Khael: No toaster troubles? [He takes his sandwich, inconspicuously checking for any unwanted additives]
Robyn: None whatsoever.
Khael: The toaster hates me.
Robyn: Because that is a legitimate excuse.
Khael: It is. And it does. I’m convinced.
Robyn: Or, you know... It could have been the fact that you had the setting on high.
Khael: Are you kidding me?
Robyn: Haven’t you used that stupid toaster before? My fucking word Doctor Strauus, your sheer intelligence is beyond comprehension.
Khael: Well, let’s just add that to the list of things you think I’m a fuckin’ moron for.
Robyn: ...What are you talking about-
Khael: Don’t act as if you don’t. I know you do; you think I’m an idiot that can’t do anything right.
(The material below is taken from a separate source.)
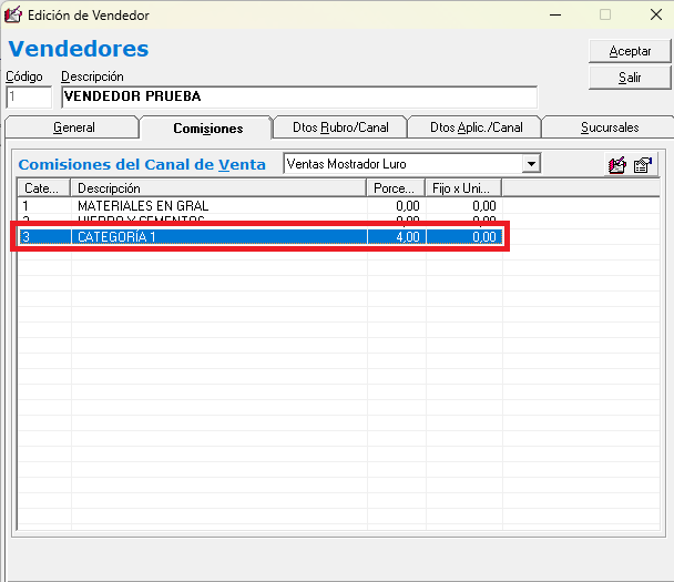 • Procedimiento: Ingrese a la ficha del vendedor y, en la solapa Comisiones, asigne el porcentaje de ganancia para cada categoría de producto.

Robyn: What? No, I was kid-
Khael: Whatever. Just forget it.
Robyn: ...Khael-
Khael: Forget it.
They eat in silence.
Khael: [Around a mouthful of food] I love how they always end up blowing
something up.
Robyn: Swallow and repeat?
Khael: I said, I love how they always end up blowing something up.
Robyn: Uh-huh...
Khael: ...What, you don’t think I do?
Robyn: What if I were to say that I didn’t?
Khael: Well I do.
Robyn: Like how you all-of-a-sudden love cars and war games and working
out and protein shakes?
Khael: What are you getting at?
Robyn: Khael... are you trying to prove something to someone?
Khael: Prove what?
Robyn: That you’re all big and tough and macho? That you fit in with the
other guys? Something along those lines?
Khael: ...
Robyn: Are you ashamed of something?
Khael: ...No...
Robyn: Then why are you trying to change yourself?
Khael: I’m not-
Robyn: What does it matter what they think of you?
Khael: It doesn’t-
Robyn: Who cares if they find out you’re gay-
Khael: I’m not gay! I mean, I... God, I don’t fucking know what I mean!
Robyn: Really. Well you could’ve fooled me.
Robyn gets up and walks towards stage left.
Khael: Robyn, wait!
Robyn walks off stage left and slams the apartment door.